According to Thomas Liebig from OECD, the category of migration is the most important predictor of employment. Liebig gave a presentation at the conference “Guidance in the Context of Migration”, which was organized by Euroguidance Austria in November 2010.
The conference was dedicated to the question of qualification and competences of native-born and foreign-born immigrants and the role of guidance in labour market integration.130 members of various institutes came to Vienna to participate in the conference, consisting of plenary speeches, six parallel workshops and an exhibition.
Thomas Liebig from International Migration Division at the OECD Directorate for Employment Labour and Social Affairs in Paris highlighted the preliminary findings of the OECD’s country reviews:
The labour market outcomes of immigrants are below those of the native-born. Immigrant women are particularly disadvantaged. The category of migration (labour, family, humanitarian) is the most important predictor of labour market outcomes.
Immigrants are disproportionately affected by the overall economic conditions and arrival just prior or during a downturn can have long-term adverse consequences.
Many immigrants have a very low educational attainment and those who have qualifications find them often discounted on the labour market. Accreditation of prior learning would seem to be disproportionately advantageous for immigrants, but they rarely benefit from it.
Low-qualified migrants are often relatively well integrated into the labour market but the integration of their children tends to be a challenge. Early intervention provides the best payoff. The “second generation” is the best measure of the long-term success of integration policy.

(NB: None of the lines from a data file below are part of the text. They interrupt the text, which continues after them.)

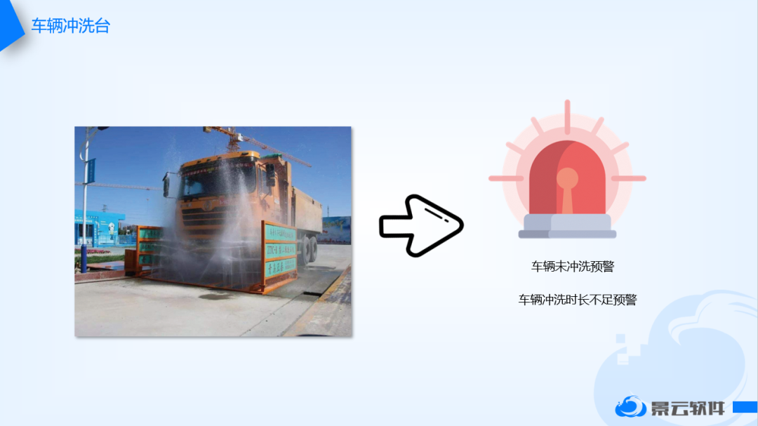 通过视频AI分析和红外对射等手段,对车辆冲洗情况进行监控,当车辆没有从冲洗台经过或冲洗时长不足,系统会推送预警信息,并抓拍照片以备回溯。
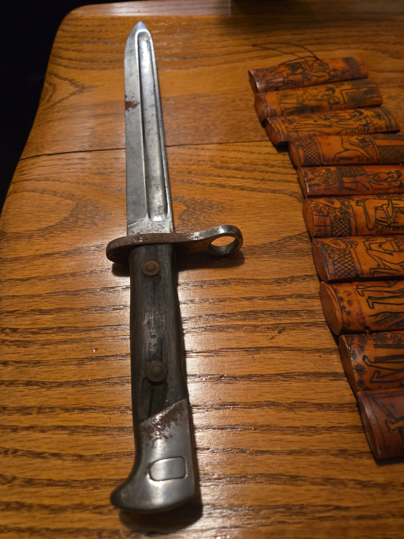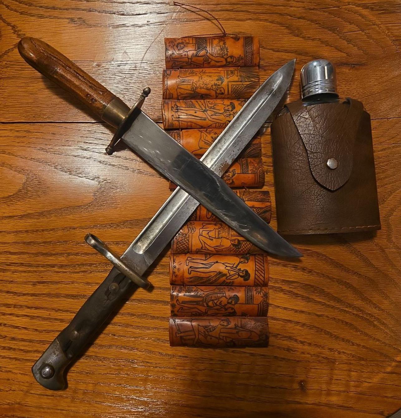 1898 Mauser Bayonet 5439, Wooden Flask, Asian Relic,
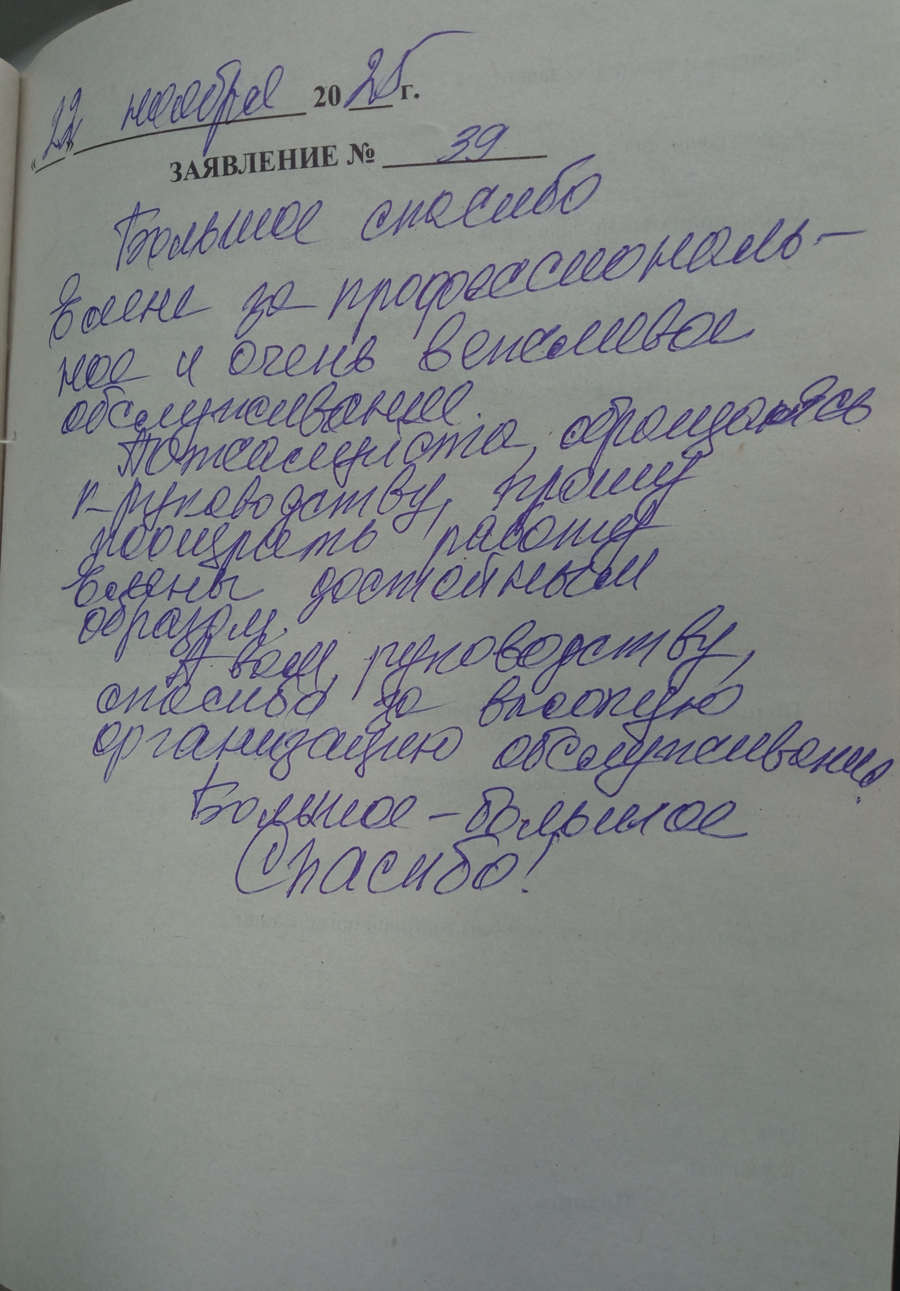 А вам, руководству, спасибо за высокую организацию обслуживания. Большое-большое спасибо!
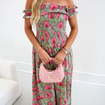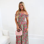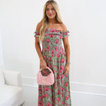 Ariel Smocking Off The Shoulder Maxi Dress - Green/Pink
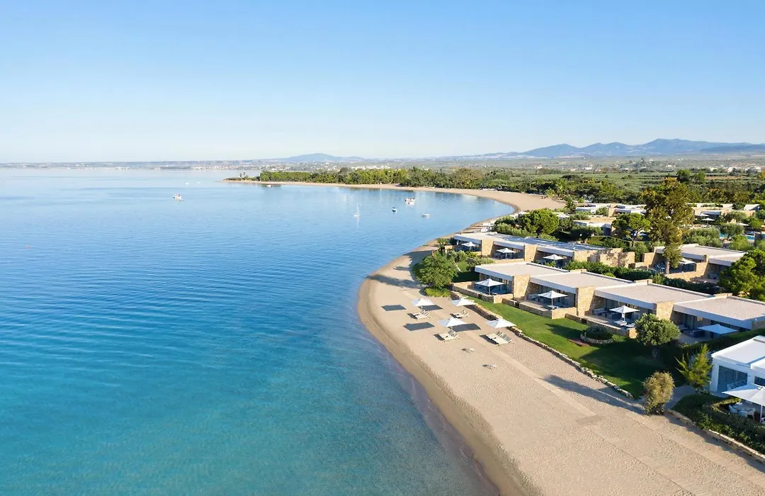 Ikos Olivia, a 5-star resort with a 9.1/10 rating on Booking.com, features a grand pool complex, multiple dining options, and extensive leisure facilities spread across 22 acres of lush greenery. Guests enjoy access to four restaurants offering dishes crafted by Michelin-starred chefs, a luxurious spa, and a variety of organized activities for all ages.
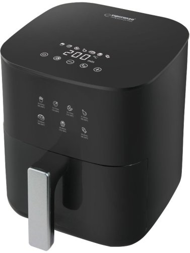 Frytkownica beztłuszczowa Esperanza PATATE FRITTE to idealne rozwiązanie dla osób, które pragną cieszyć się smakiem smażonych potraw w zdrowszej wersji. Urządzenie pozwala przygotować chrupiące frytki, soczystego kurczaka czy aromatyczne warzywa bez użycia tłuszczu – szybko, wygodnie i bez kompromisów w smaku. Dzięki wysokiej mocy i cyrkulacji gorącego powietrza potrawy są równomiernie opiekane, a ich przygotowanie zajmuje zaledwie kilka minut. Nowoczesny wygląd urządzenia sprawia, że doskonale prezentuje się w każdej kuchni, a intuicyjny panel sterowania z 7 gotowymi programami ułatwia obsługę. Regulacja temperatury i minutnik dają pełną kontrolę nad procesem pieczenia, a dzięki antypoślizgowym nóżkom urządzenie stoi stabilnie na blacie. To funkcjonalne i praktyczne urządzenie, które pokochają wszyscy domownicy.
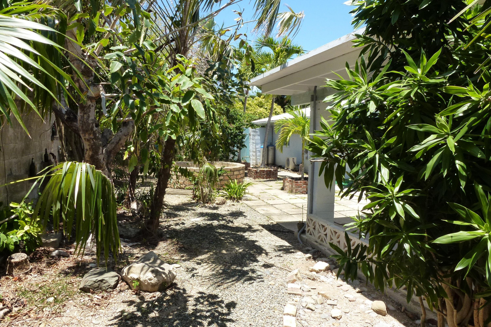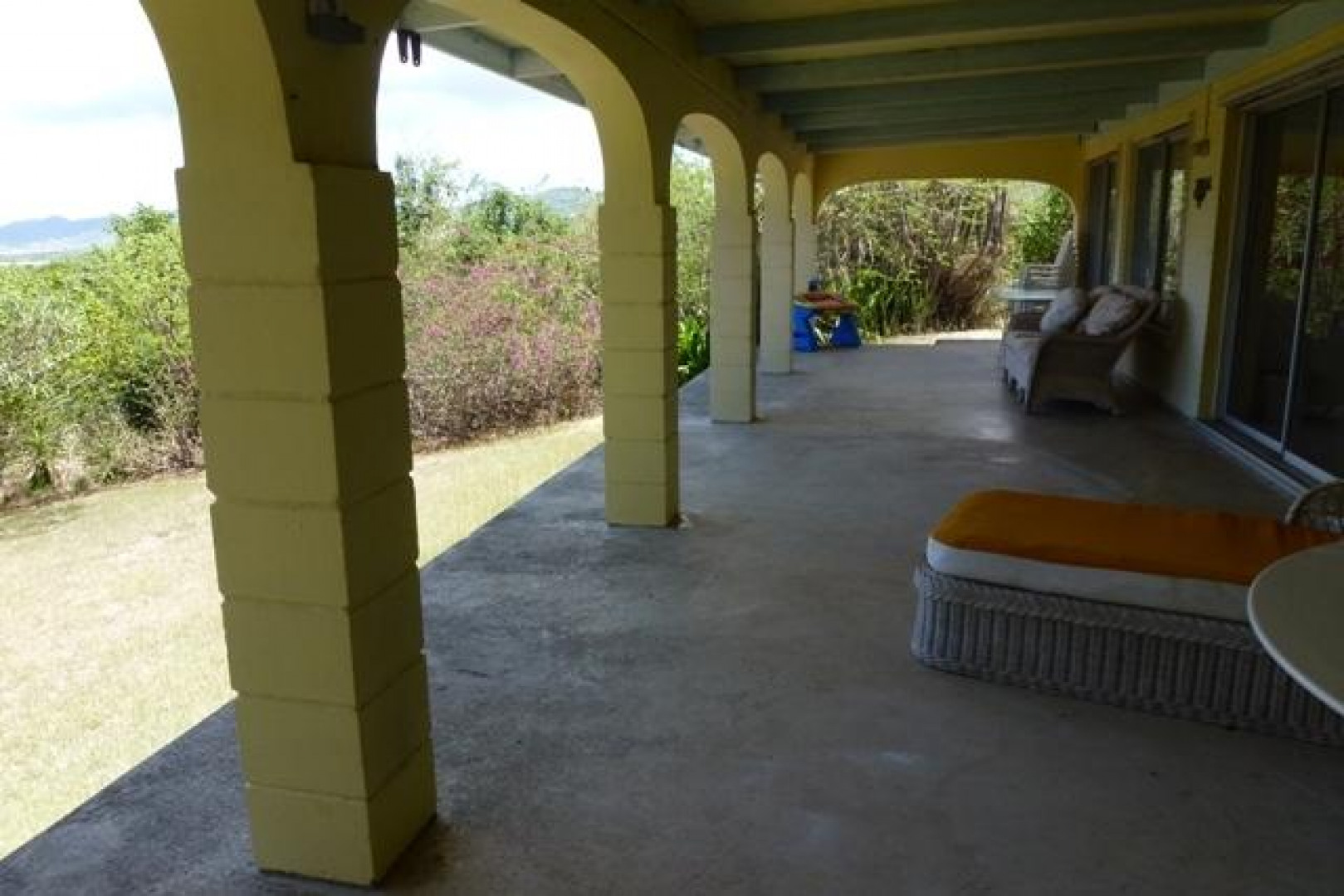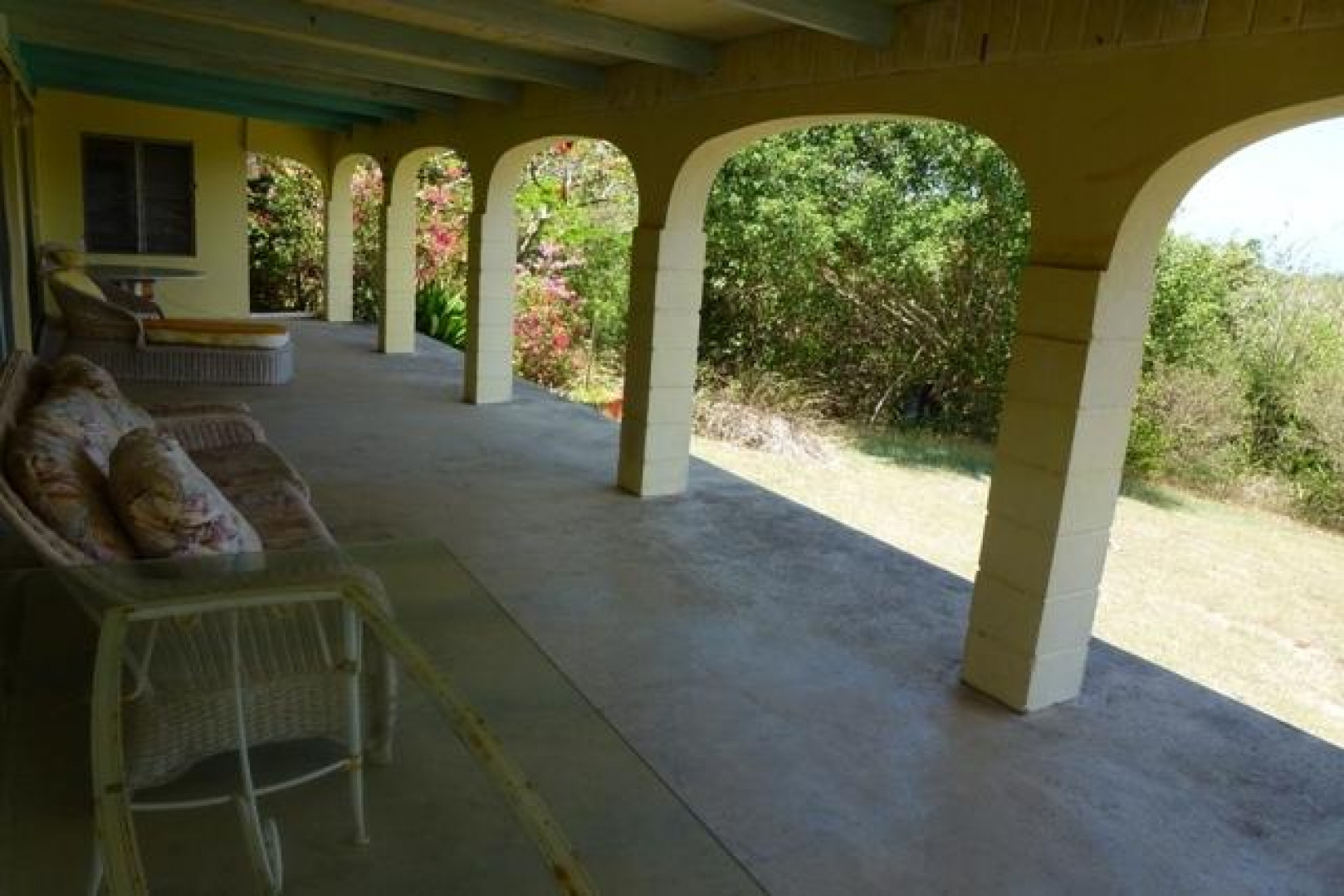 This well located & very private Crucian home on half acre located in Estate St. John offers great views, constant breezes thru wall to wall sliding glass doors, & easy, stress-free living. The expansive, arched, gallery overlooks the sea and C'sted harbor. A walled entrance patio, with fish pond (unstocked), that says "Come and Relax". Two large bedrooms, three bathrooms & another library/officeamong palm trees, bougainvillea and flowering trees which makes for a pleasant location to call a family home. Pets welcomed.

Many vacancies are filled by personal contacts, and immigrants and their offspring tend to have fewer of these. Persons with an immigrant background also tend to lack knowledge about labour market functioning.
Mentoring programmes and programmes which enable employers to see what immigrants can do on the job are often very effective.
Discrimination is an important obstacle to access to employment. The public sector can be a motor for integration through its hiring choices.